** Your objective **
This task calls for the lines below starting at the one containing "寒假里有越来越多的大四学生收" and ending at the one containing "Meet these friendly", repeated exactly with both ends kept and pictures left out.

** Data listing **

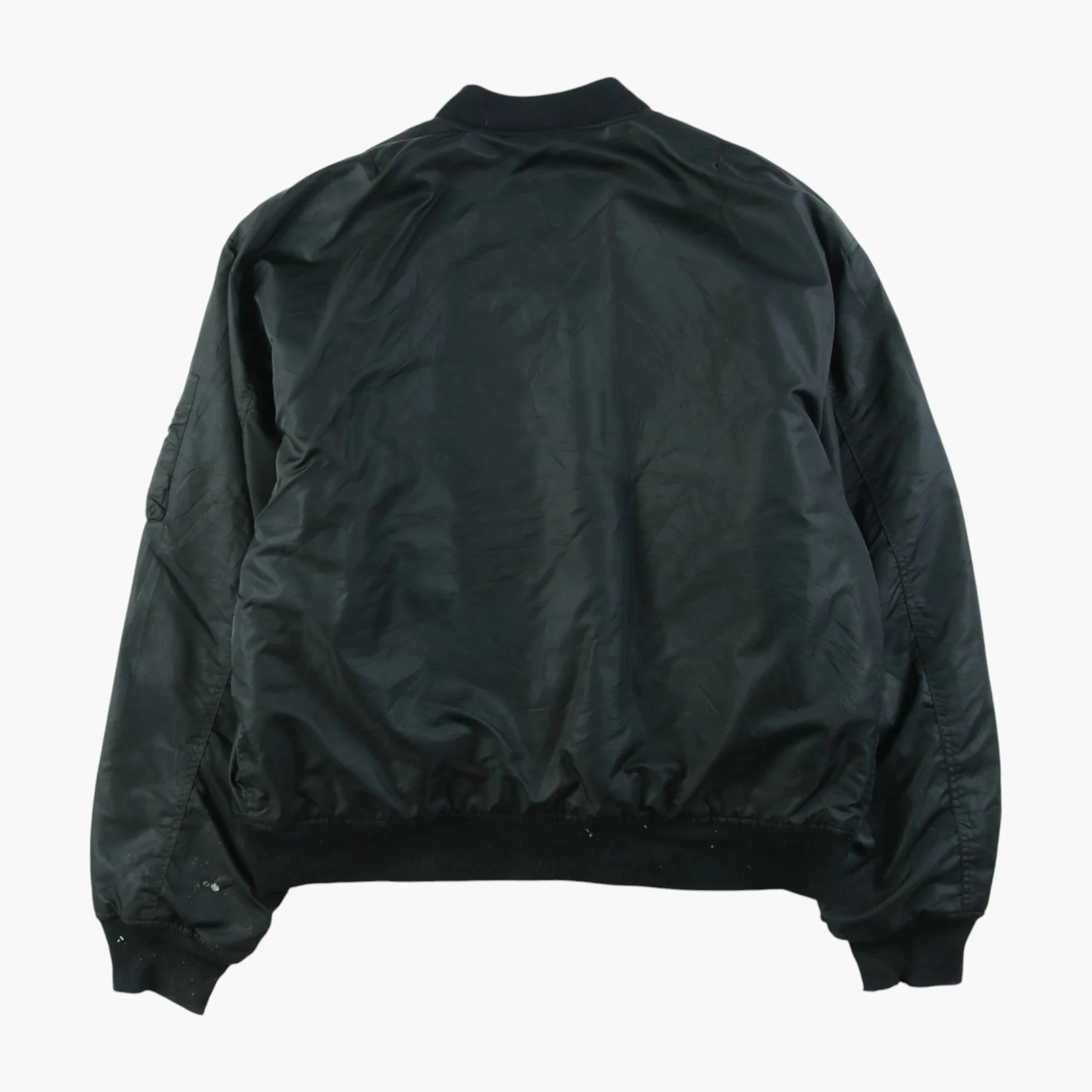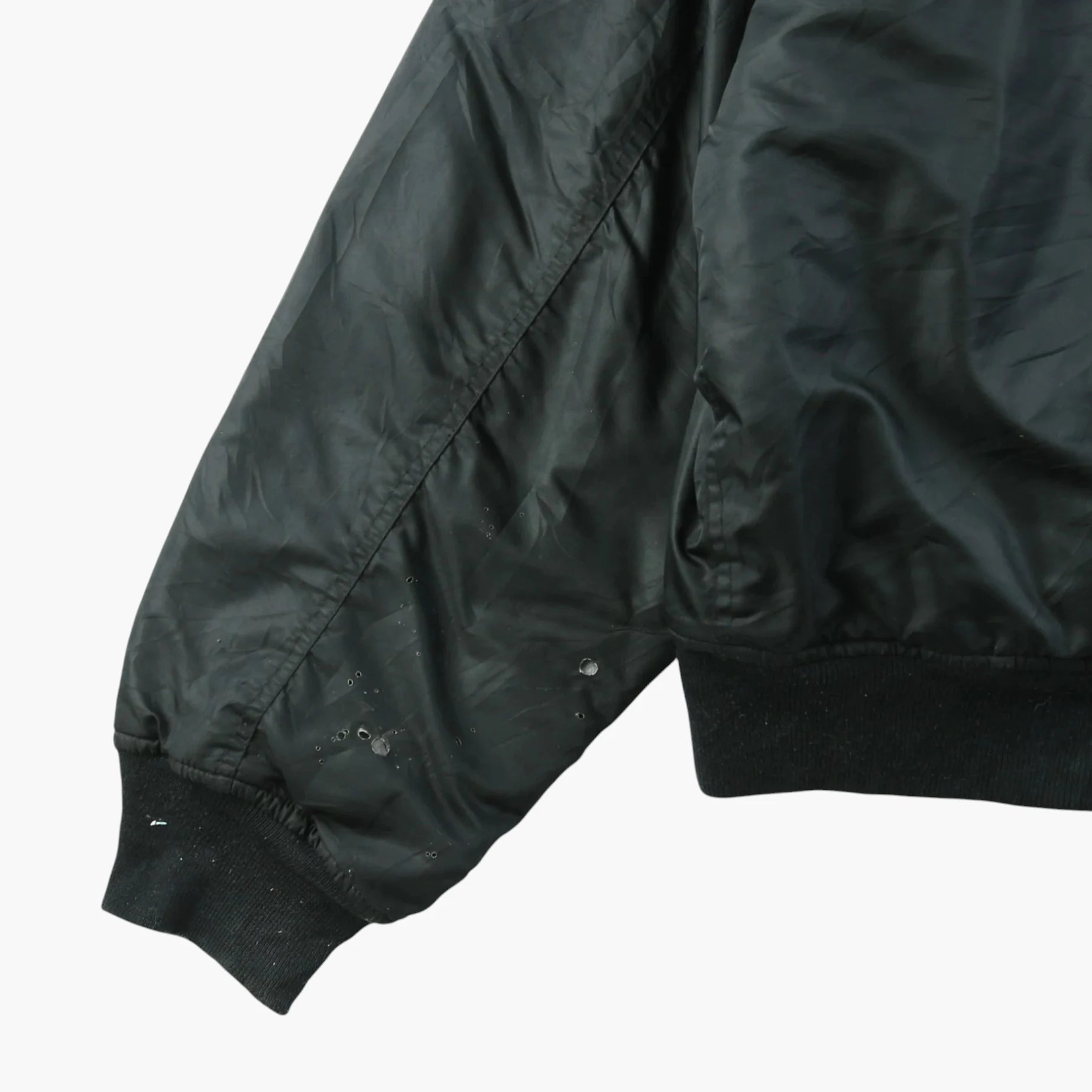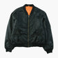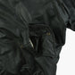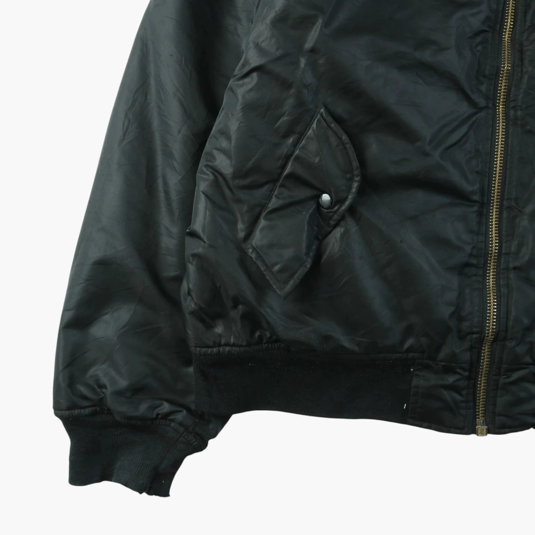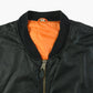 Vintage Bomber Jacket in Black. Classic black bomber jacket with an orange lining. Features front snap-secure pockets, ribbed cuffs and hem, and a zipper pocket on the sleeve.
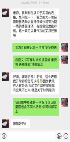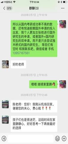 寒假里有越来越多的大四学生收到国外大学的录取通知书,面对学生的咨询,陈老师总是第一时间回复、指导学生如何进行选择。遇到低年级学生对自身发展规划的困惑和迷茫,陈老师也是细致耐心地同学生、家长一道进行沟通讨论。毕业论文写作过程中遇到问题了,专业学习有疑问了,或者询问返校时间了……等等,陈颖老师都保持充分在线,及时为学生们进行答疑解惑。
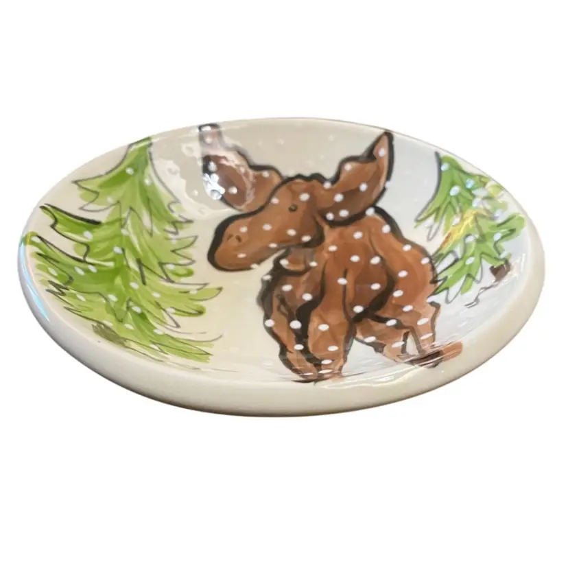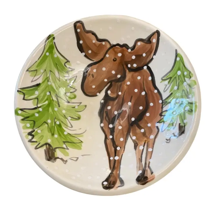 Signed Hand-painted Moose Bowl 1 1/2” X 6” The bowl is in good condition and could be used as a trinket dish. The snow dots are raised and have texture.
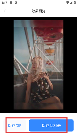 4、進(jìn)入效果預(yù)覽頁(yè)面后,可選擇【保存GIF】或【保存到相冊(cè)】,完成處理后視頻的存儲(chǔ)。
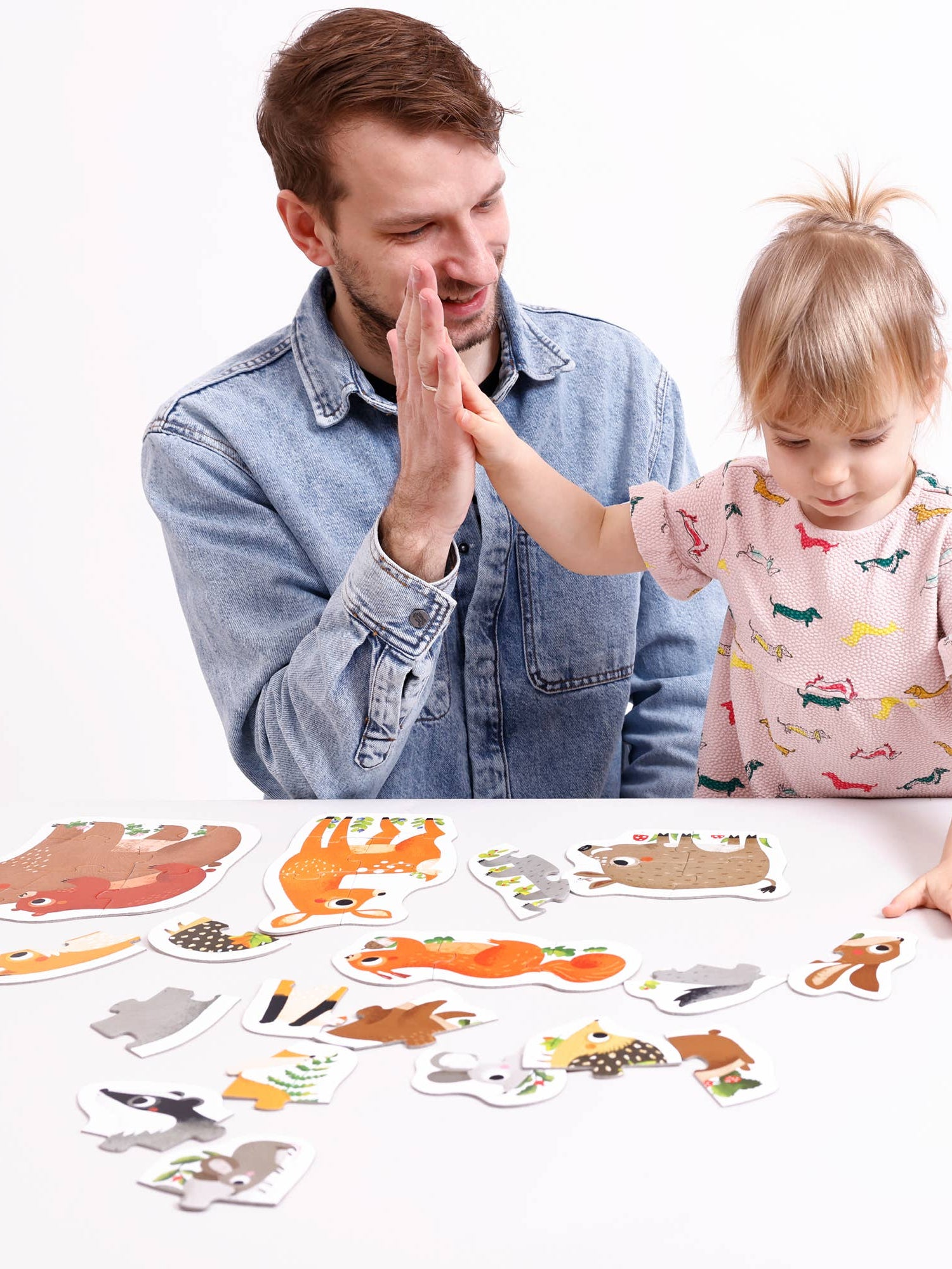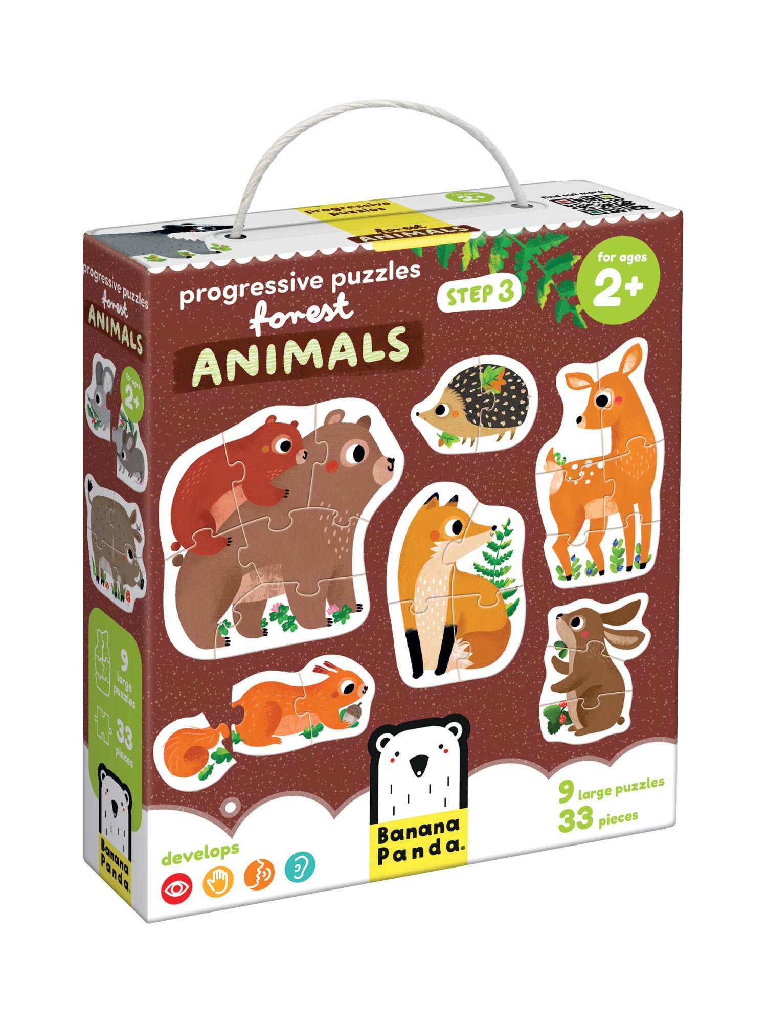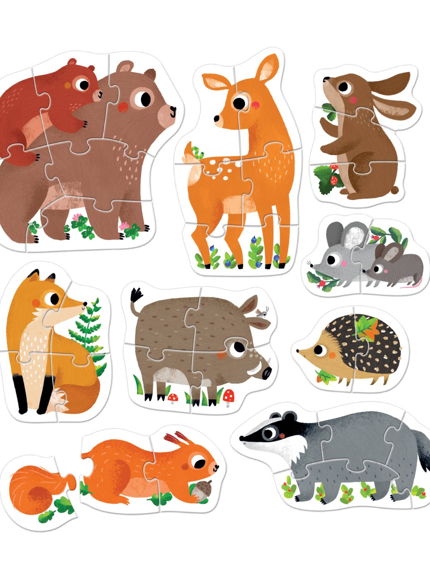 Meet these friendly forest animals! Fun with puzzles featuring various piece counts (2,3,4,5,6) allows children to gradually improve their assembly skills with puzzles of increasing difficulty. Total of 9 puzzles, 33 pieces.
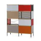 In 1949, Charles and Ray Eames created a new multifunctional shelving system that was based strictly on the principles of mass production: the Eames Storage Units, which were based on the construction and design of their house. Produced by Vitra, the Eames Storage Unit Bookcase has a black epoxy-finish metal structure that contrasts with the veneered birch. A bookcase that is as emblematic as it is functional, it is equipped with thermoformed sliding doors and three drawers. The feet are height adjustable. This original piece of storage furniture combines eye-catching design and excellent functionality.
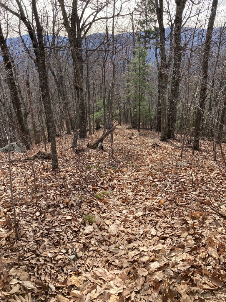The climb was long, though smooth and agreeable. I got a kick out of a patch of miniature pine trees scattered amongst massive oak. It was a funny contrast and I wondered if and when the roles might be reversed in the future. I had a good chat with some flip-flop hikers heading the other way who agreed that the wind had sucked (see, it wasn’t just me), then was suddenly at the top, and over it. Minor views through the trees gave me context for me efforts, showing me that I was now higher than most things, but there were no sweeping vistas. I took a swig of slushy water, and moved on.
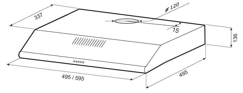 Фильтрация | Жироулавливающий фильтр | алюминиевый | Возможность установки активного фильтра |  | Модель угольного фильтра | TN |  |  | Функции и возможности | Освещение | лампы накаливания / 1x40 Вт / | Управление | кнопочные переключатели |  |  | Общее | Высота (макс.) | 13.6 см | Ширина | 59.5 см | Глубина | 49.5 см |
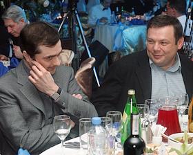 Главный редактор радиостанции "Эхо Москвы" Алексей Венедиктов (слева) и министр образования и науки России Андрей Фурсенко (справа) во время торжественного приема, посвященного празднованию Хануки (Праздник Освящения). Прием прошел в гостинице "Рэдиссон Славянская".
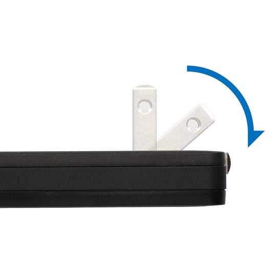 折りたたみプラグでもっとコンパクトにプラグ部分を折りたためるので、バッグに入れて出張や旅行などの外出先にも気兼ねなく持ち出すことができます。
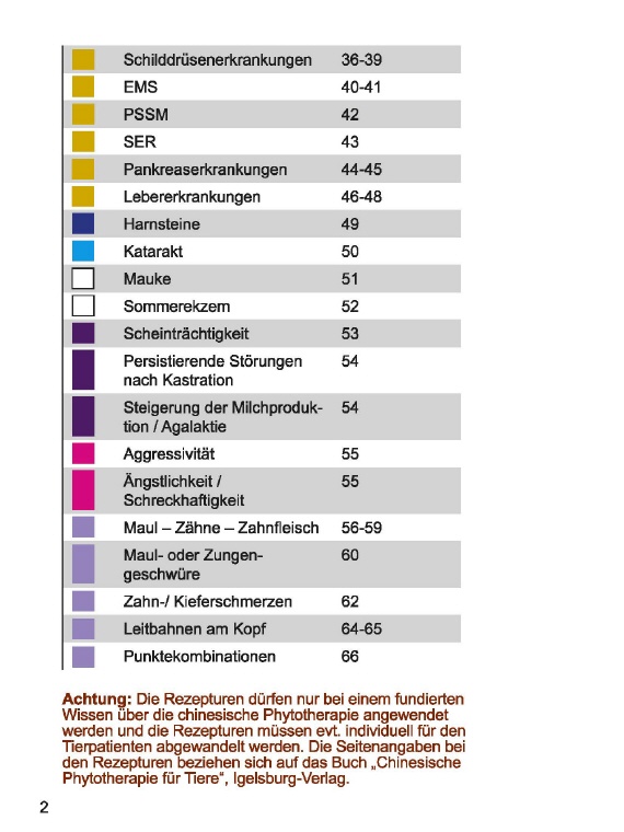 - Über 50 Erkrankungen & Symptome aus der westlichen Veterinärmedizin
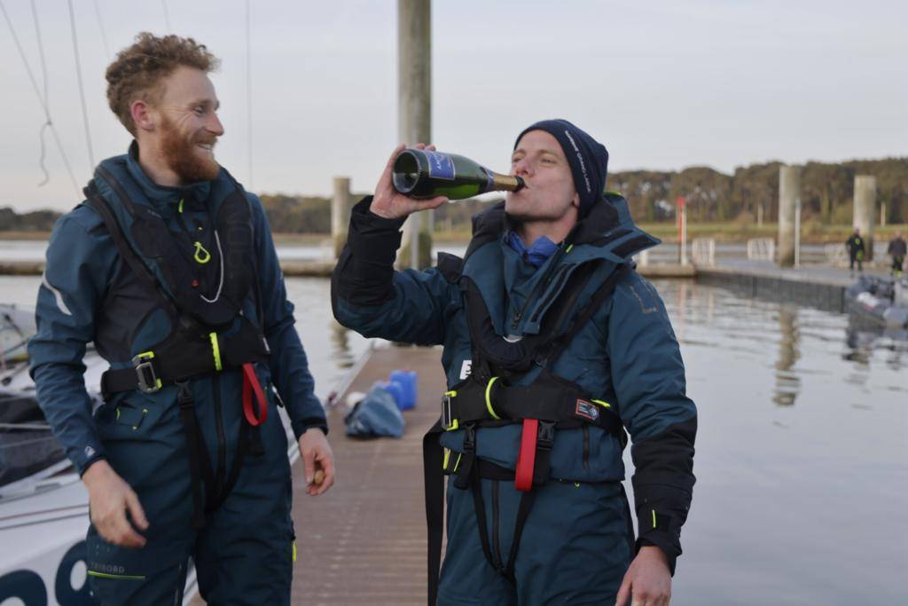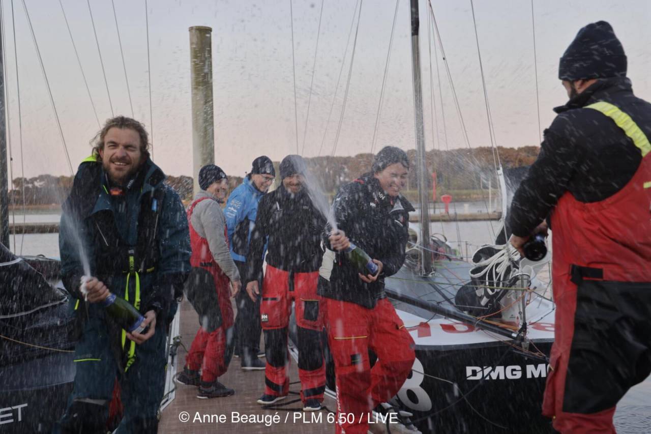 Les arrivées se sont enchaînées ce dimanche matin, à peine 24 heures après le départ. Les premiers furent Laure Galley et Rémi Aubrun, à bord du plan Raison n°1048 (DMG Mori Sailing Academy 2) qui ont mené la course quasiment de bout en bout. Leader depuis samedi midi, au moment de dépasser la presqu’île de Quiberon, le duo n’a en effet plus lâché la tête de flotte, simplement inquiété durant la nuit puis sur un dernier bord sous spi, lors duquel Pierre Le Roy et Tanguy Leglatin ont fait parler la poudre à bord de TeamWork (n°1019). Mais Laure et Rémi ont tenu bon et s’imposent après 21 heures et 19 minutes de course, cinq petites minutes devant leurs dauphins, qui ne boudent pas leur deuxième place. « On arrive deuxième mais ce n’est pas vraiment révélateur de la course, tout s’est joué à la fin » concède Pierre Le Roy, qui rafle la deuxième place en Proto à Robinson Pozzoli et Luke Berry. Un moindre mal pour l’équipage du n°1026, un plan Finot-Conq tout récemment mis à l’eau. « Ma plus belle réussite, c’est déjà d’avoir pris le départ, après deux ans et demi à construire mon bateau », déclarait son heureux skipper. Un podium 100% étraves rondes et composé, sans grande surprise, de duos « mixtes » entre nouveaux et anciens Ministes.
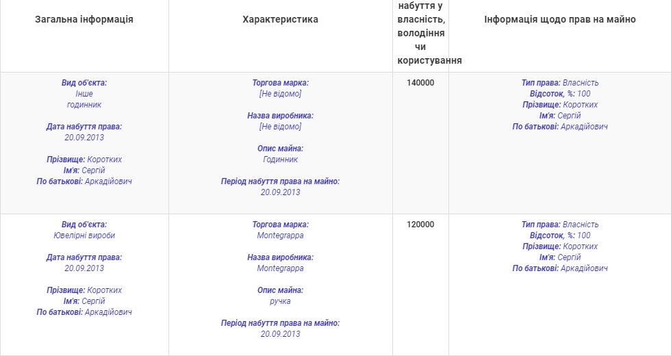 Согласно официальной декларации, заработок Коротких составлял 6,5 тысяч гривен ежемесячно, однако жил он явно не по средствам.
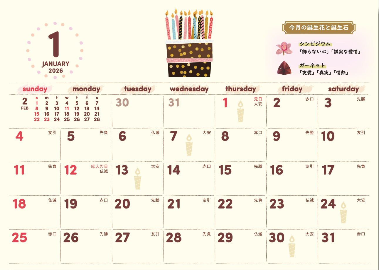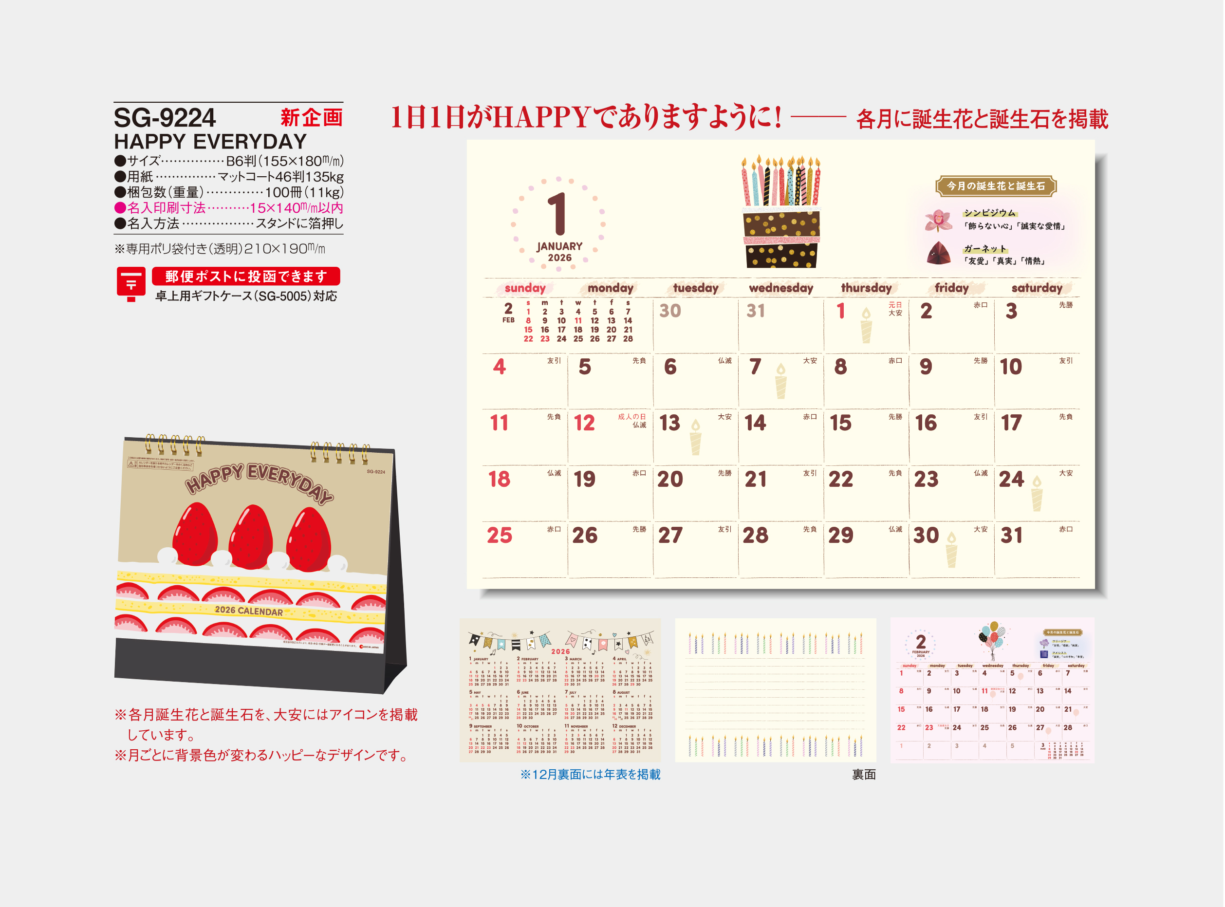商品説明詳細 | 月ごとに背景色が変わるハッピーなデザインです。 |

** Response area **
 寒假里有越来越多的大四学生收到国外大学的录取通知书,面对学生的咨询,陈老师总是第一时间回复、指导学生如何进行选择。遇到低年级学生对自身发展规划的困惑和迷茫,陈老师也是细致耐心地同学生、家长一道进行沟通讨论。毕业论文写作过程中遇到问题了,专业学习有疑问了,或者询问返校时间了……等等,陈颖老师都保持充分在线,及时为学生们进行答疑解惑。
 Signed Hand-painted Moose Bowl 1 1/2” X 6” The bowl is in good condition and could be used as a trinket dish. The snow dots are raised and have texture.
 4、進(jìn)入效果預(yù)覽頁(yè)面后,可選擇【保存GIF】或【保存到相冊(cè)】,完成處理后視頻的存儲(chǔ)。
 Meet these friendly forest animals! Fun with puzzles featuring various piece counts (2,3,4,5,6) allows children to gradually improve their assembly skills with puzzles of increasing difficulty. Total of 9 puzzles, 33 pieces.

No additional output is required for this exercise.